You "home owners" need to watch your back in any trade/business,
just look at Wall Street.

It isnt the #1 in lawsuits amongst the trades for nothing.

Not sure how you came to this comment, I searched the BBB, State Attorneys Office, Gov.org sites etc., and can't find any statistic listings.
Can you share your fact findings?


----------



## rodeo (Dec 1, 2007)

Roof related lawsuits are #1. Have heard this stat a few times. From googling around:

"Last year, Better Business Bureaus nationwide processed over 10,000 complaints against general contractors, and noted that roofing contractors consistently rank among the top five businesses receiving complaints and garnering report requests. "

http://newsblaze.com/story/2006070507304100003.mwir/topstory.html

"Over 50 percent of all construction litigation in the United States involves roofing. This is nearly four times more than the next highly litigated component, wall systems.
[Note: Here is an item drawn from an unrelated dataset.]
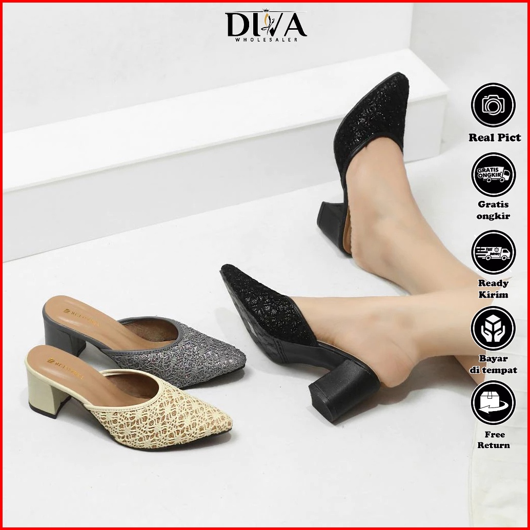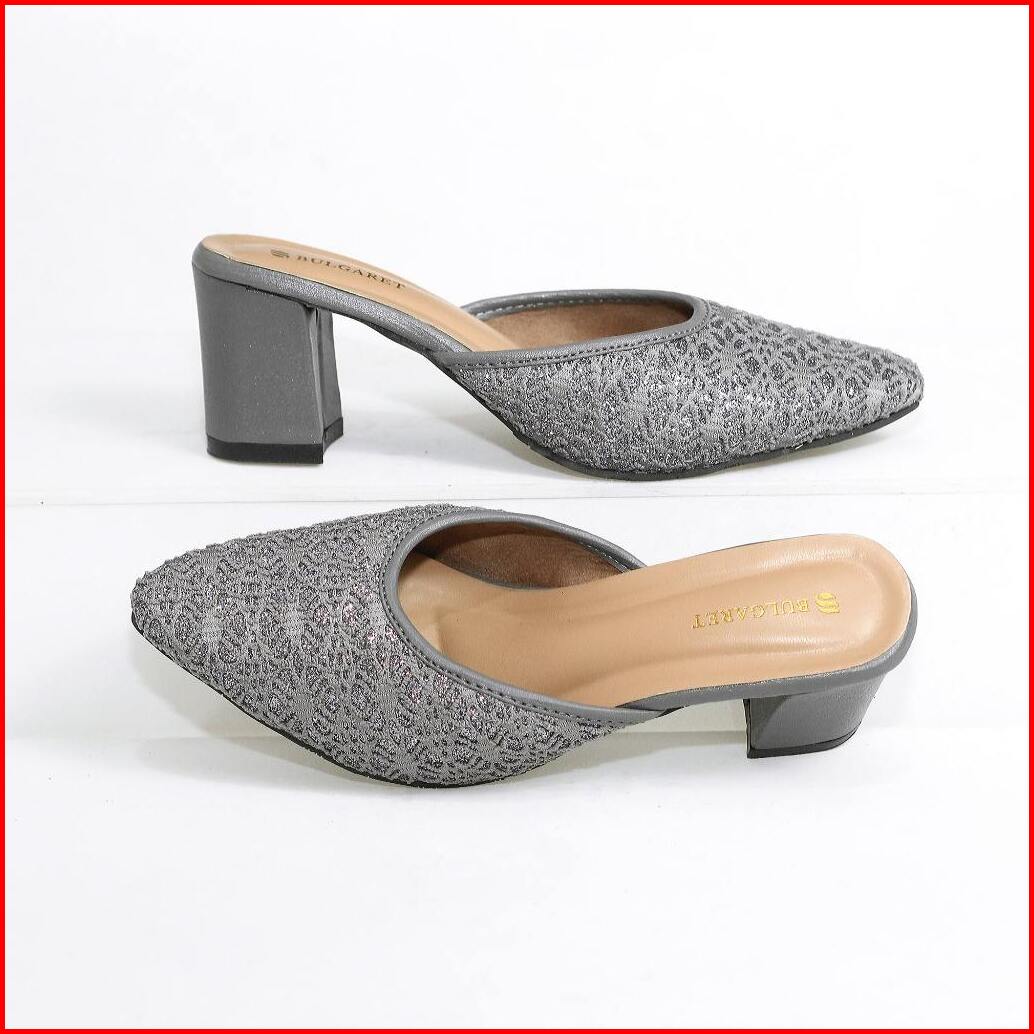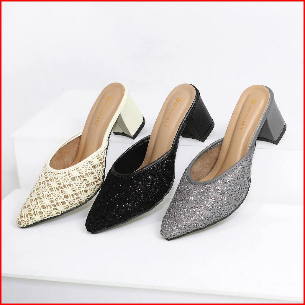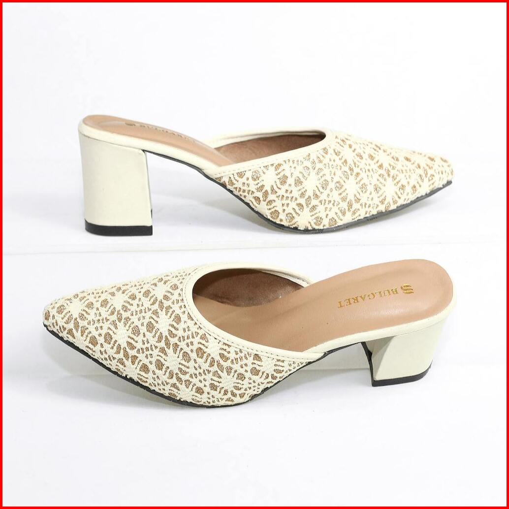 High Heels Wanita Sandal Heels Wanita Pesta Mules Brukat R 19
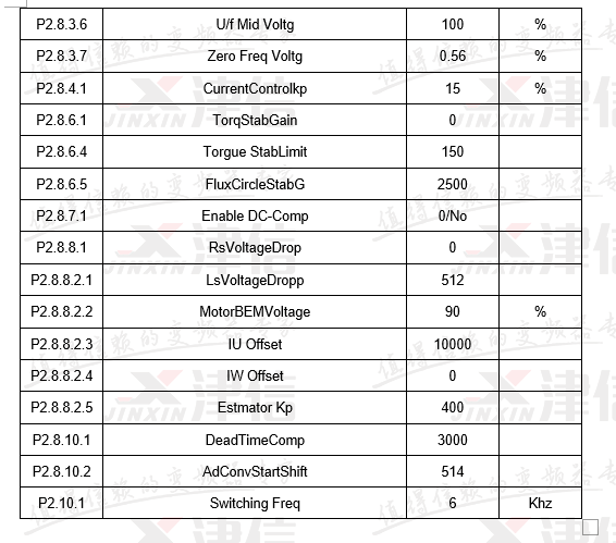 4) 設(shè)定變頻器的P2.1.5到P2.1.11的電機參數(shù)。

Furthermore, 75 percent of all new roofs have reported leaks within the first five years"

http://www.arwmag.com/Articles/Column/fe9354a064059010VgnVCM100000f932a8c0

I was a little suprised to find this out because as slyfox alluded to, people are people, no matter what line of work - (especially wall street.)

Yet there is something disturbing about roofing profession. I cant put my finger on it really. Slyfox seems like a great roofer but for every one like him, there are ten that will do a bad job - often with the homeowner thanking them for it, as most are understandably clueless about what constitutes a good roof job.


----------



## waterman1971 (Apr 19, 2009)

Weight can also be a consideration. A traditional hot mop does not rely on mechanical fasteners as does a brai roof.


----------



## Slyfox (Jun 13, 2008)

rodeo said:


> Roof related lawsuits are #1. Have heard this stat a few times. From googling around:
> 
> "Last year, Better Business Bureaus nationwide processed over 10,000 complaints against general contractors, and noted that roofing contractors consistently rank among the top five businesses receiving complaints and garnering report requests. "
> 
> ...


Thanks for the reply.

Not the concrete stats I was looking for but a good starting point.

Thank you.


----------



## arick (Feb 1, 2011)

*Another Option-Rubber!*

I have a 10 X 20 section of rubber that has been fine for 15 years and seems likely to go 5 more easy.Just another option:wink:


----------